It seems the City of New Westminster has decided to move towards single-stream recycling. This means that we will no longer be separating our paper from our plastics and containers, and will be throwing it all into one bin. The bin will be exactly like our existing black (garbage) and green-lid (organics) bins, and will be designed to be picked up by the same trucks.
At the time these ideas were floated, there was little feedback from the public. I didn’t comment at the time, as I felt that I was simply not informed enough to make a useful judgement about the merits of single-stream. I actually had lunch one day with the City’s Supervisor of Solid Waste, hoping he could explain the costs and benefits of going that way. It was clear to me after that meeting that I still didn’t fully understood the issue.

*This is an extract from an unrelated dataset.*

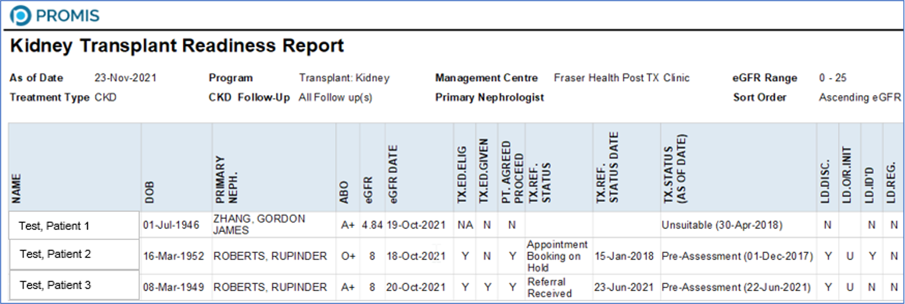 • A Pre-Transplant report provides an easy identification process for patients who are eligible and ready to begin the pre-transplant process. The report provides easy identification of patients who are currently followed up in a centre; the status for the transplant process is one of the columns displayed.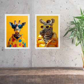 Kit 2 Quadros Girafa e Zebra Fashion De Óculos 45x34cm - com vidro - Cor: Moldura branca

I was present at City Council on April 4 of this year when Allen Lynch , a New Westminster resident and Manager of North Shore Recylcing Program pleaded with council to not go down that path, but to consider the longer-term cost and sustainability implications of Single Stream Recycling. At the time, his issues seemed real, and I was happy to hear council direct Staff to address these concerns (most of which admittedly went over my head). I was equally happy to read a report from staff a month later that seemed to address all of the issues raised by Mr. Lynch. But it still stuck in my craw that somebody with a lifetime of professional experience managing recyclables was so convinced that the City was taking a wrong path going to single stream, and the main benefits to it were explained to me as saving money on trucks. When I feel underinformed, I tend to rely on experts in the field to explain the situation, and for the fourth time in this post already, I will admit I was not well-informed enough to take a position.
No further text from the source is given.